Postmodernisme: Definisi Sosiologis

Postmodernisme adalah istilah yang cair dan penuh kontestasi terutama bila dikaitkan hubungannya dengan modernisme. Pertanyaan yang sering muncul, apakah teori postmodern adalah keberlanjutan dari teori modern? Ataukah sebuah fase sejarah baru yang sama sekali lain dari modernisme. Postmodern, postmodernitas, postmodernisme, muncul di berbagai disiplin dari sosial, seni, politik, filsafat, sampai arsitektur. Berikut ini akan dipaparkan definisi, arti, pengertian dari istilah postmodern dari perspektif sosiologi.

Apa itu postmodernisme?

Menurut Anthony Giddens, dalam bukunya ’The Consequences of Modernity’, istilah postmodern mengandung arti salah satu atau lebih dari asumsi berikut ini: bahwa di era postmodern, apa yang kita sebut discovery, temuan, pengetahuan tidak pernah diketahui secara pasti, karena semua fondasi epistemologi (metode) dari memperoleh pengetahuan tidak reliable, tidak dapat dipercaya, tidak dapat diandalkan. Dalam postmodern, ’sejarah’ bergerak tanpa teleologi, tanpa tujuan dan konsekuensinya tidak jelas apa yang dimaksud dengan progress. Di era postmodern, agenda sosial dan politik hadir bersama gerakan yang konsen pada lingkungan dan juga mungkin gerakan sosial baru secara umum. Sangat jarang saat ini seseorang menggunakan istilah postmodern untuk menunjukkan penggantian sistem kapitalisme dengan sosialisme, misalnya.

Baca juga: Apa itu modernisme?


Apakah postmodernisme lanjutan dari modernisme? Atau babak baru sejarah (diskontinuitas)?

postmodernitasKendati Giddens menolak jika pengertian postmodernitas sebagai babak baru sejarah yang lepas dari modernitas, Giddens tidak memberi ulasan yang secara eksplisit menjelaskan bahwa postmodernitas adalah keberlanjutan dari modernitas.

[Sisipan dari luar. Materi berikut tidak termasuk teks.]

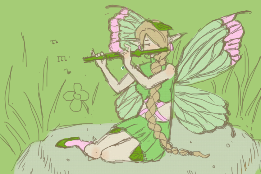 В центре композиции — очаровательная лесная фея, словно сошедшая со страниц сказочной книги. Её поза невероятно естественна и умиротворённа: она сидит на камне, погружённая в музыку, которую извлекает из зелёной флейты. Этот момент словно застыл во времени — мы видим не просто фею, а хранительницу лесных тайн, которая делится с миром своей мелодией.

Fredrik Jameson, penulis ’Postmodernism, or The Cultural Logic of Late Capitalism’, mengambil posisi lebih tegas dengan mengatakan bahwa postmodernisme adalah babak baru sejarah. Menurutnya, beberapa tahun terakhir ini sejarah banyak ditandai dengan peristiwa-peristiwa yang mengandung istilah ’akhir’, seperti ’akhir ideologi’, ’akhir perang dingin’, ’akhir perjuangan kelas’, ’akhir seni otentik’, dan akhir-akhir lainnya. Peristiwa akhir tersebut mungkin relevan disebut dengan istilah yang makin populer belakangan ini: postmodernisme.

Eksistensi postmodernisme sangat bergantung pada hipotesis diskontinuitas yang radikal sejak akhir 1950 sampai awal 1960 terutama di Eropa dan Amerika. Sebagaimana makna dari istilah itu sendiri, eksistensi diskontinuitas sejarah menandai punahnya gerakan modern yang hidup ratusan tahun lalu. Kini, muncullah gerakan-gerakan baru seperti, ekspresionisme abstrak dalam seni lukis, eksistensialisme dalam filsafat, reality show dalam film, dan sebagainya. Semua ini menandai sebuah babak baru sejarah yang empirik, kacau, dan heterogen.

Jean-Francois Lyotard, dalam ’The Postmodern Condition: A Report on Knowledge’ secara sederhana mendefinisikan postmodern sebagai ‘ketidakpercayaan terhadap metanarasi’. Metanarasi yang dimaksud tentu saja teori-teori besar (grand theories) produk modernitas, seperti misalnya teori Marx tentang perjuangan kelas. Grand theory menurutnya tidak memiliki metode yang bisa dipercaya. Misalnya, bagaimana penjelasan epistemologis bahwa masyarakat terdiri hanya dari dua kelas, borjuis dan proletar? Ringkasnya, postmodernisme adalah penolakan terhadap tatanan modern, menuju dunia tanpa tatanan yang heterogen.